AI GWAS Phenotyping

MILTON is an ensemble machine learning framework that utilizes biomarkers and multi-omics data to predict 3,213 diseases in the UK Biobank. It predicts incident disease cases undiagnosed at time of recruitment and demonstrates utility in augmenting genetic association discovery by empowering case-control GWAS with predicted phenotypes. Published in Nature Genetics.

The emergence of biobank-level datasets offers new opportunities to discover novel biomarkers and develop predictive algorithms for human disease. Here, we present an ensemble machine-learning framework (machine learning with phenotype associations, MILTON) utilizing a range of biomarkers to predict 3,213 diseases in the UK Biobank. MILTON predicts incident disease cases undiagnosed at time of recruitment, largely outperforming available polygenic risk scores, and augments genetic association discovery.

MixEHR-SAGE is a PheCode-guided multi-modal topic model that integrates diagnoses, procedures, and medications from EHR to enhance phenotyping for GWAS. By combining expert-informed priors with probabilistic inference, it identifies over 1000 interpretable phenotype topics from UK Biobank data and improves disease incidence prediction and GWAS discovery.
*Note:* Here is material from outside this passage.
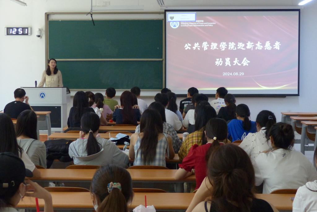 于2024年8月29日中午,在圣井校区8112教室召开了迎新志愿者动员大会。此次大会由学生会姚志卿同学主持,新生辅导员王超、学生会主席团全体成员及全体迎新志愿者共同参加。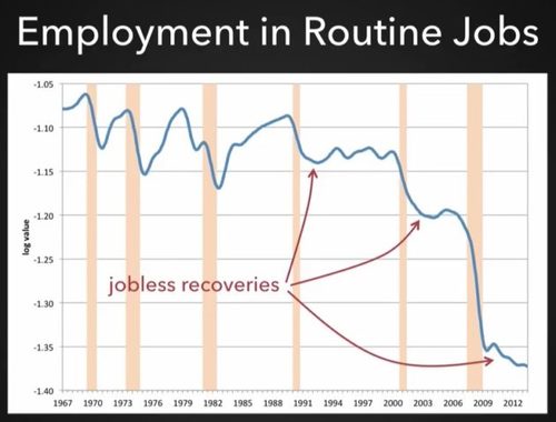 Historically, employment in routine jobs has bounced back after recessions. But the past three recessions and recoveries have shown significant declines in routine jobs, which makes for “jobless recoveries.” (Credit: Jaimovich and Siu, 2015, via Artificial Intelligence Now)

Published in Briefings in Bioinformatics.

Phenome-wide association studies rely on disease definitions derived from diagnostic codes, often failing to leverage the full richness of electronic health records (EHR). We present MixEHR-SAGE, a PheCode-guided multi-modal topic model that integrates diagnoses, procedures, and medications to enhance phenotyping from large-scale EHRs. Applied to 350,000 individuals with high-quality genetic data, MixEHR-SAGE-derived risk scores accurately predicted disease incidence and improved GWAS discovery.

SynSurr (Synthetic Surrogate analysis) is a method that makes GWAS on imputed phenotypes robust to imputation errors. Rather than replacing missing values, SynSurr jointly analyzes the observed and imputed data to provide calibrated association statistics, improving power for genome-wide association studies of partially missing phenotypes in population biobanks. Published in Nature Genetics.
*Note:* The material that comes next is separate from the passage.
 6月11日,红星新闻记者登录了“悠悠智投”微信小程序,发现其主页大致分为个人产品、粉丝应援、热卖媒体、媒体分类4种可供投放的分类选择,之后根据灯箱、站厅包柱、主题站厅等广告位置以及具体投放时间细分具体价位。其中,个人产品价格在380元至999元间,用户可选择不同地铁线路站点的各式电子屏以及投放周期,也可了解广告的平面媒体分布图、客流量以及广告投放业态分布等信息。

Within population biobanks, incomplete measurement of certain traits limits the power for genetic discovery. Machine learning is increasingly used to impute the missing values from the available data. However, performing GWAS on imputed traits can introduce spurious associations. Here we introduce SynSurr analysis, which makes GWAS on imputed phenotypes robust to imputation errors by jointly analyzing observed and imputed data.